I walk into work at 7:20 a.m. and head into the break room to put my lunch away in the fridge. Oh look, some homemade scrumptious something on the table. That’s nothing new when you work with 25 other women. But this one has a lovely sign to go with it. It isn’t… it is… another pregnancy announcement. Greeeaaaaat. Another day of listening to: “So when are you due? Are you going to find out the gender? How are you feeling?” Blah, blah, blah. So before I see another soul in the clinic or put my happy smile on to go work with my first kid of the day, I have 8 minutes to silently cry in the restroom by myself. Why? Because infertility is not something people talk about. It makes people feel ashamed, uncomfortable, insecure, and subhuman.
As a person who has always worn her emotions and heart on her sleeve, it has been very difficult for me to not talk about the struggles my husband and I have been having. I certainly don’t have those feelings of shame and discomfort. But when I talk about infertility with many people, it is quite noticeable how uncomfortable they become. People don’t know what to say or how to react. They do their best and then try to change the subject. But for me, I have simply been longing to talk about how my family is being built. I don’t want my infertility to be given the 5 minutes of pity and then change the subject to something more cheerful.
I have been dreaming about building my family since I was a young child. I know many women do. So in October of 2011, I found myself eager to start my own family with my husband, but unwilling to do so in my current medical condition. I spent over 3 years working on myself physically and mentally to get to a point where I got the medical OK from my doctor to try and get pregnant. So when that time finally came, I was ecstatic and naïve. We excitedly bought the pregnancy test at a grocer on vacation even though we couldn’t use it for another two-plus weeks. Somehow I just assumed that it would be easy and simple for us to get pregnant. After all, I had just spent three grueling years losing weight and weaning off seven different prescription medications for this very purpose. When the test came back negative, I was bummed and a bit like, well duh girl, it could take some time!
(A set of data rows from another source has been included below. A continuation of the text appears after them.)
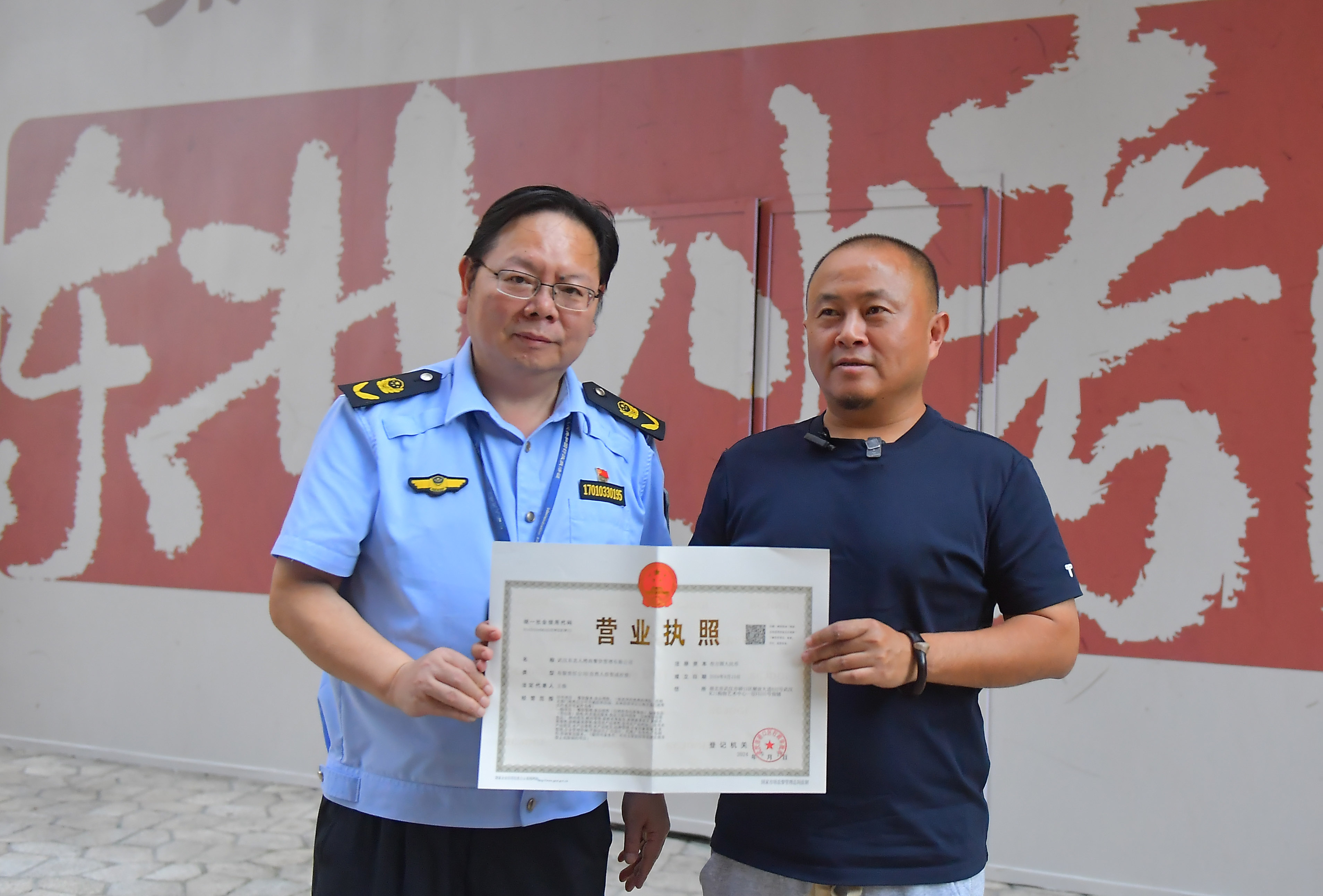23日,“70后”东北汉子王征宇从硚口区市场监管人员手中领到了一份企业营业执照。在汉扎根18年,他的东北人烤肉店从个体户升级成了餐饮企业。
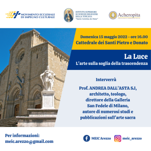 Domenica 15 maggio 2022 – ore 16.00 Cattedrale dei Santi Pietro e Donato interverrà il Prof. ANDREA DALL’ASTA SJ, architetto, teologo, direttore della Galleria San Fedele di Milano e autore di numerosi studi e pubblicazioni sull’arte sacra.
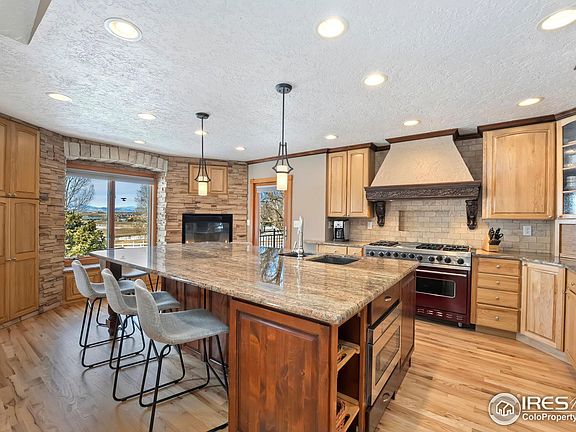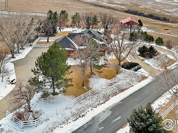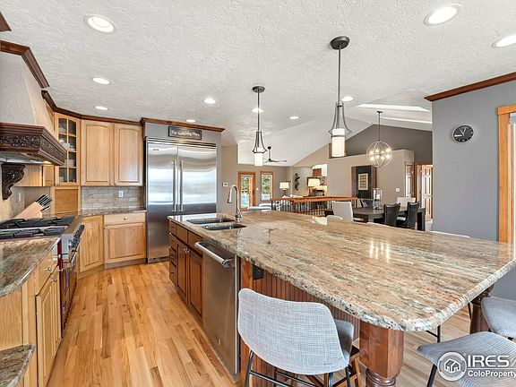 Welcome to your private retreat on a stunning 2.17-acre equestrian property, with horse barn, in the Windsong neighborhood, just minutes from the heart of Windsor. The chef's kitchen features Viking appliances, including a new built-in refrigerator (2024), dishwasher (2024), and 48" range. The large island is perfect for entertaining while the gas fireplace adds the perfect ambience. Enjoy mountain sunsets from the window seat or grilling patio with a built-in Viking grill. The owner's suite has a private deck with stunning mountain views, the remodeled bath includes a free-standing tub, large shower with 5 showers heads, quartz countertops, and a custom closet. The open-concept main level offers vaulted ceilings, a dining room with mountain vistas, and family room with a gas fireplace and custom built-ins. Two guest bedrooms, an updated bath, powder room, & laundry room complete the main floor. The finished walkout basement has a third gas fireplace, wet bar, two add'l bedrooms, a flex room, a remodeled bathroom, and two storage rooms. Outside, enjoy expansive mountain views, five outdoor living areas, a circular driveway for guest parking, plus a private driveway leading to your 1,000+ sq ft, 3-car garage with custom storage. The horse-ready barn is 35' x 28' (1044 sq ft) and includes a tack room, two stalls, a chicken coop, and room for outdoor equipment or a camper. Additional storage is provided by a shed, and drip lines are in place for a garden. This well maintained home features a low-maintenance brick exterior, Andersen windows, Trex decking, refinished wood floors (2024), Class IV shingles (2019), a 98% efficient furnace (2016), newer A/C (2021), tankless hot water heater, humidifier (2025), and whole-house fan. No Metro tax and low HOAs complete this peaceful oasis. Located 10 minutes from Windsor and I-25, with easy access to Fort Collins, Loveland, and Greeley, this home offers the perfect blend of privacy and convenience.
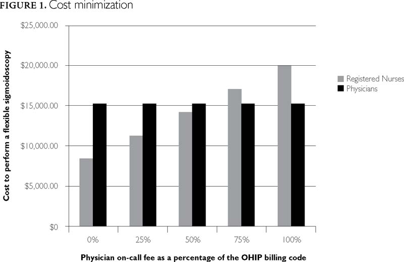 A cost minimization analysis was conducted by comparing the costs of a physician-performed FS with that of a RN-performed FS. The cost of a physician-performed FS was calculated based on the code for flexible sigmoidoscopy in case 1, and included the addition of polyp removal in case 2 (see Table 1). The cost of a RN-performed FS was calculated for each of the five possible physician remuneration scenarios (0%, 25%, 50%, 75% or 100% of the OHIP fee schedule) for case 1 and case 2. A cost minimization analysis was conducted in which we applied cases 1 and 2 in 75% and 25% of all cases, respectively. Therefore, for a population of 100 individuals, it was calculated that 25 average-risk individuals would require intervention from a physician. Thus, 75% of the case 1 cost and 25% of the case 2 cost were combined to provide an overall cost for each on-call fee. The cost of a RN-performed flexible sigmoidoscopy was then compared to the cost of a physician-performed procedure.
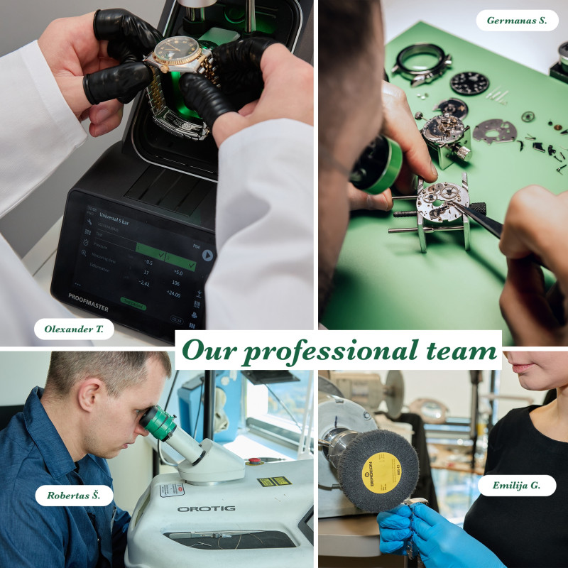 PLEASE NOTE THAT ALL OUR WATCHES ARE CAREFULLY SERVICED BY OUR 12 WATCHMAKERS. The service includes movement cleaning in special equipment, oiling and accuracy adjustment. After service we check accuracy of all watches on the Timegrapher and make 48 hours test on the Cyclotest.
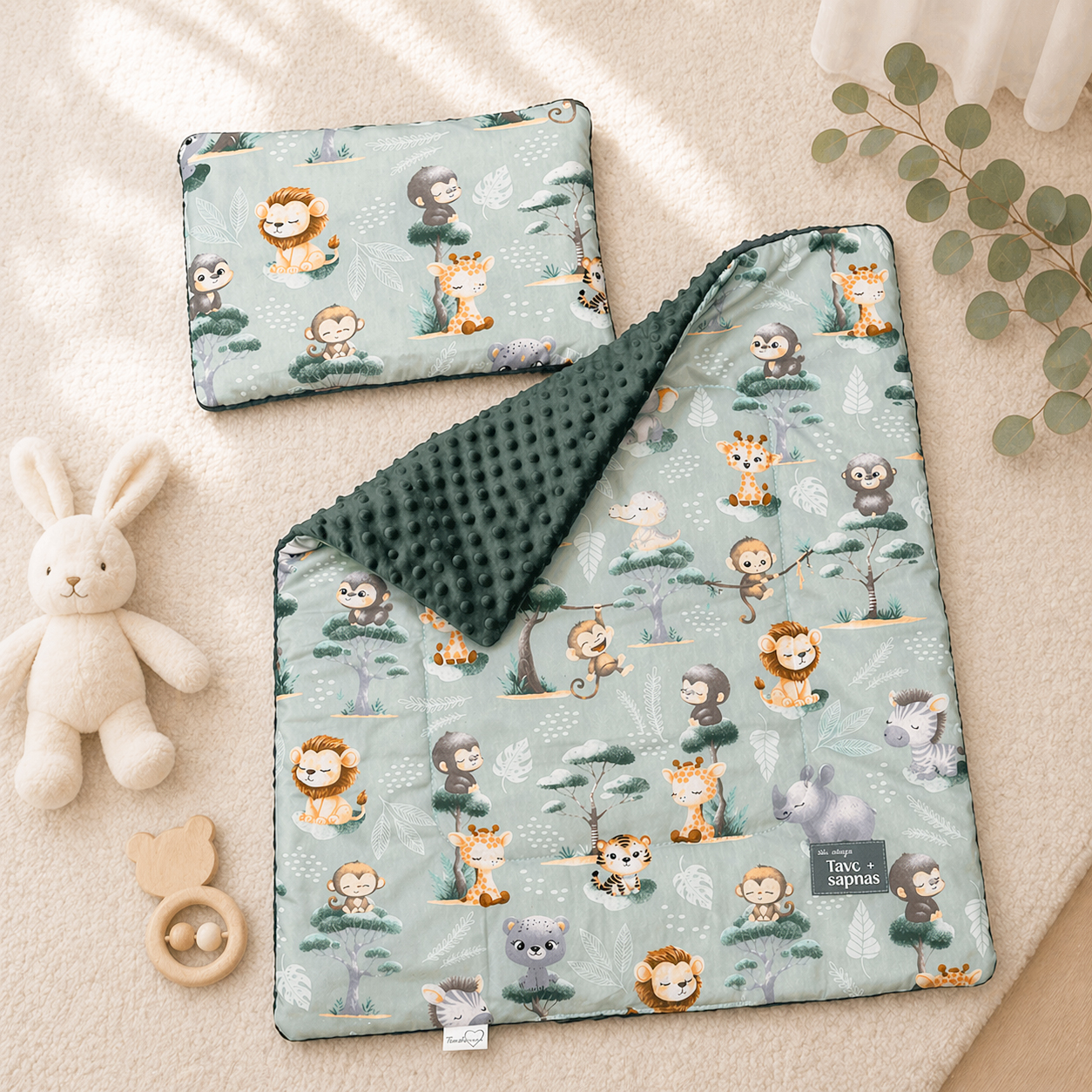 Viena puse – īpaši mīksts minky audums, kas sniedz siltumu un patīkamu sajūtu. Otra puse – dabīga, elpojoša kokvilna, kas ir saudzīga pret jutīgu mazuļa ādu. Iekšpusē – kokvilnas pildījums, kas padara komplektu vieglu, drošu un piemērotu pat pašiem mazākajiem.
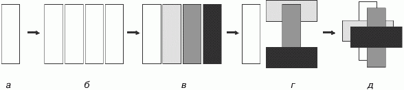 Рис. 3.75. Создание тестового образца: а – рисование прямоугольника; б – создание его копий; в – раскрашивание; г – поворот; д – размещение
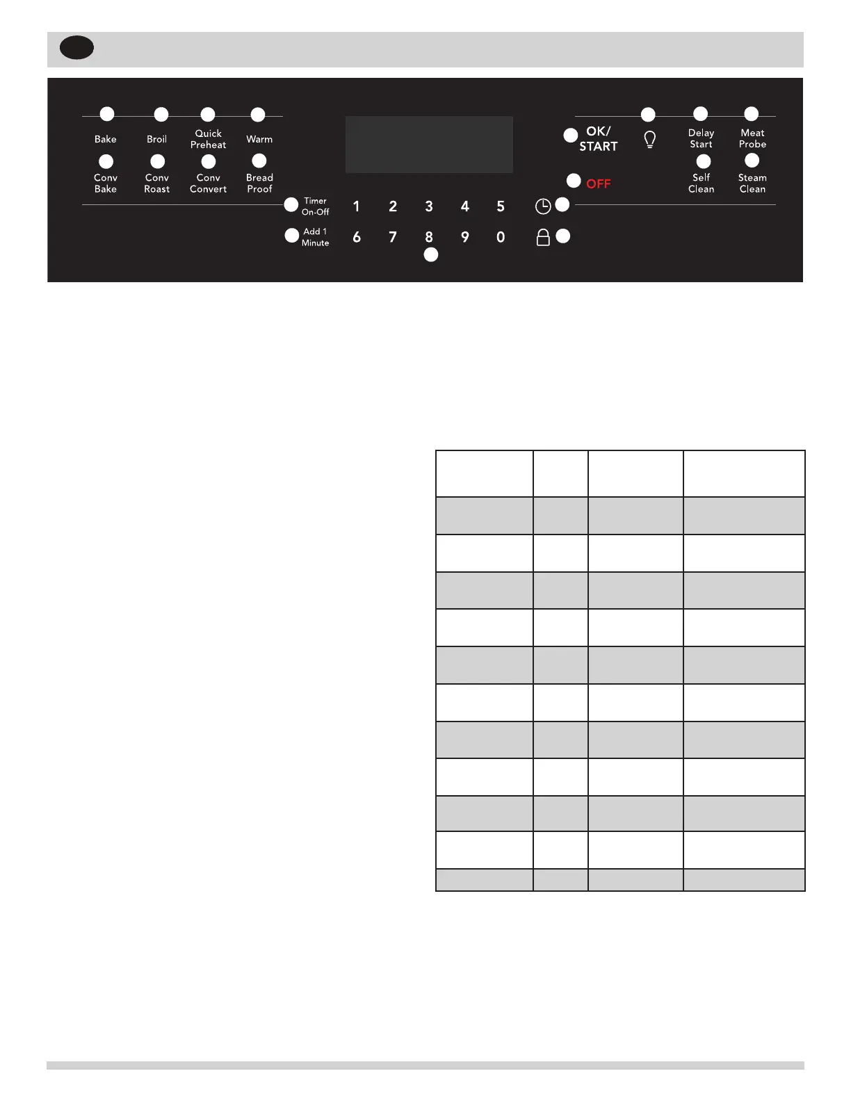 16. OFF - Use to turn off all cooking functions.

But month after month, tests were negative, and I grew to loath my menstrual cycle even more so than most women probably already do. I started tracking my temperature every morning. Do you know what kind of torture it is to wake up to your alarm, and not be able to move or use the bathroom first thing in the morning, because you have to lie perfectly still and wait for a basal thermometer to beep before you can move a muscle lest you alter the correct reading by creating heat from body movement?!? So nine or so months pass by and nada. We set up a consultation with an OBGYN at my clinic to see if there was something more going on. We both got testing done and referred to specialists. We both got diagnosed with infertility issues. So we then went through a year-and-a-half of fertility treatments at a facility an hour and a half away from where we live. (Thank you southern Minnesota.) Without going into gory detail, let’s just sum it all up as NOT FUN!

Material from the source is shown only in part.